Here’s the link to Forget Everything You THINK You Know, Part 1; in case you missed it.
So lets start Part 2 by recapping the main points of Part 1.
Trying to lose weight, tone up, whatever. Resistance (aka weight) training is your number one priority.
Let me say that again for emphasis; resistance training is your number one priority!
So, that doesn’t mean “gym once a week, 4 hours of cardio every other night”. It means weights (or resistance bands, bodyweight resistance, whatever you’ve got) 4 or 5 times a week. And by “weights” I don’t mean one of those group fitness classes with the barbells… don’t get me wrong, I’ve done those years ago and they are a bloody hard workout, but I’m talking about lifting HEAVY, the way I described yesterday.
Somewhat technical explanation; lifting light weights will only really tax the Type I muscle fibres, which generally speaking are not going to be the most abundant form of muscle fibres (unless you are an endurance athlete or something, I suppose). So, this sort of training will work the Type I fibres, get a good pump of blood into the muscles, and it will burn a lot of calories. But that doesn’t make it the best way to change your body composition and get hard and lean – you gotta lift heavy!
So here’s the next thing you probably need to forget about: burning more calories = more effective exercise.
Now this might be a contentious issue for a lot of people. I know a lot of trainers are fond of combining exercises to burn more calories. And a lot of people prefer lighter weights / higher reps (or the treadmill, or whatever) because they believe it will burn more calories.
I want to put it to you and everyone else out there, that just burning more calories is missing the point. When people talk about “burning calories” it implies that eating food is a bad thing, a necessary evil, or unavoidable pitfall. Which, it isn’t. Food is FUEL and the purpose of exercise is to make the body UTILISE that fuel to build the healthy, attractive body that we all desire (or, to improve performance in sport I guess, if that’s your thing).
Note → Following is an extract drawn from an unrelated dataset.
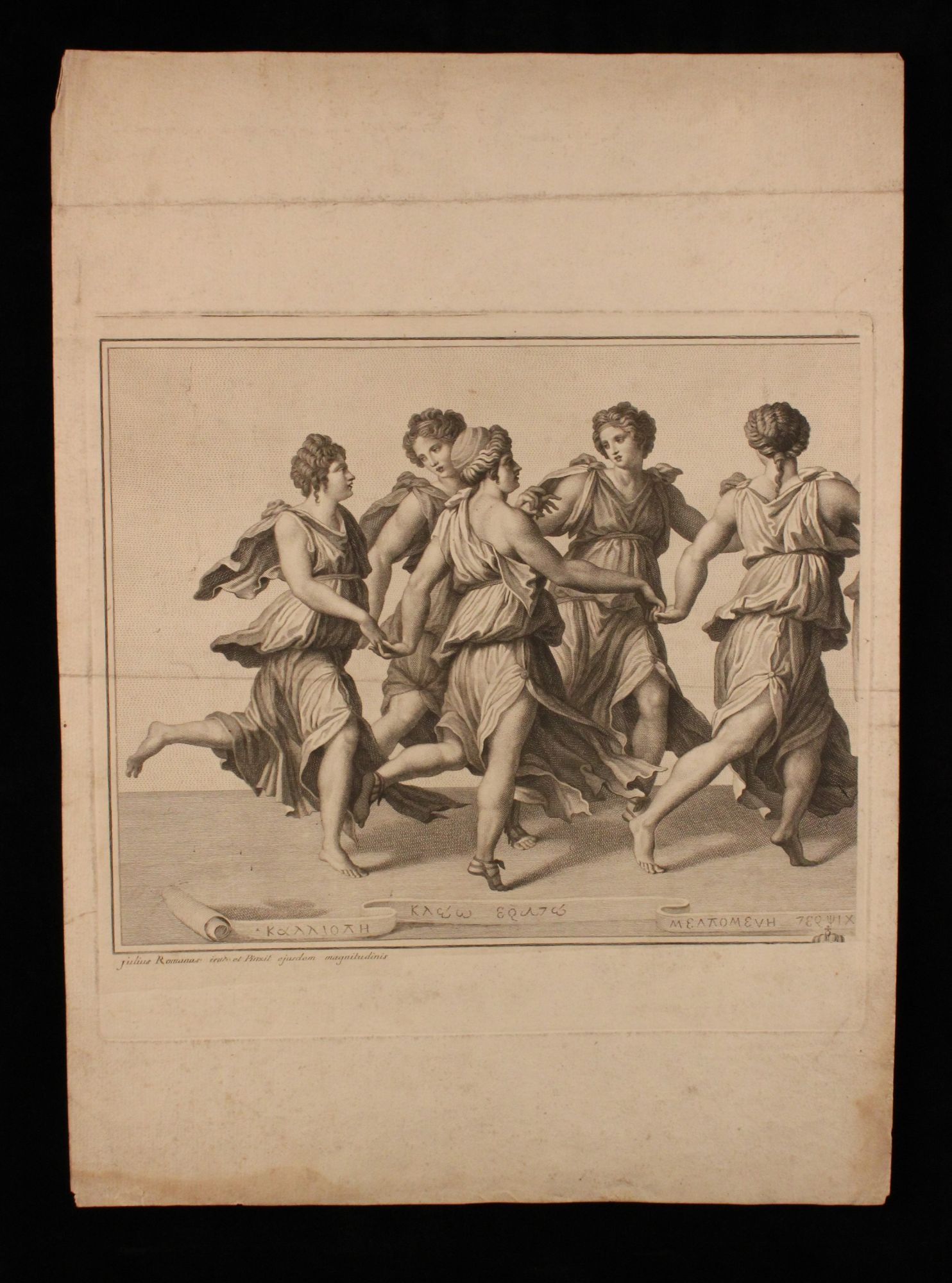 Acquaforte, cm 42,7x59. La grande incisione era composta da due fogli distinti, con Apollo e le Muse che danzano in cerchio tenendosi per mano, dal soggetto di Giulio Romano nella Galleria Palatina di Palazzo Pitti a Firenze; questa è la parte sinistra che inquadra 5 delle 9 Muse danzanti. Esemplare stampato su carta vergata, su foglio integro e completo di grandi margini. Stato di conservazione ottimo.

So yes, our resistance training session is going to burn a few hundred calories. Like I said yesterday, at first it’s just lift, chillax, lift, chillax. Easy. But once you hit your stride and start lifting as heavy as possible with decent technique, you’ll be breathing just as hard and sweating just as much as you might in one of those hard cardio sessions. Pretty close anyway. But there’s a difference… a big difference.
What happens next is… your body has to recover. We’ve exhausted supplies of glycogen in the muscles and the liver, so for the rest of the day your body is UTILISING the carbohydrates you take in to replenish these stores. We’re lifting as heavy as we possibly can, so your body is UTILISING the protein you take in to build stronger muscles. If you’ve got your intakes right, there’s nothing left over to go into fat stores, and your body gets the message and responds accordingly; by shedding fat and getting hard and firm.
Not necessarily HUGE and muscular mind you (the ladies always need to hear this part). We eat enough to maintain a target weight range, and end up at that weight, but lean, toned, firm and attractive. You can only get bigger by eating bigger, understand? I keep saying; it is actually incredibly difficult to build a large body builder’s style physique. It certainly will not happen by accident!
So what’s wrong with cardio?
Nothing. But cardio will only take you part of the way. This is why a lot of people come to me frustrated because they’re doing so much cardio, eating so little, and still not getting the lean, toned figure that they’re after. Read the testimonials on my site, it’s all in there.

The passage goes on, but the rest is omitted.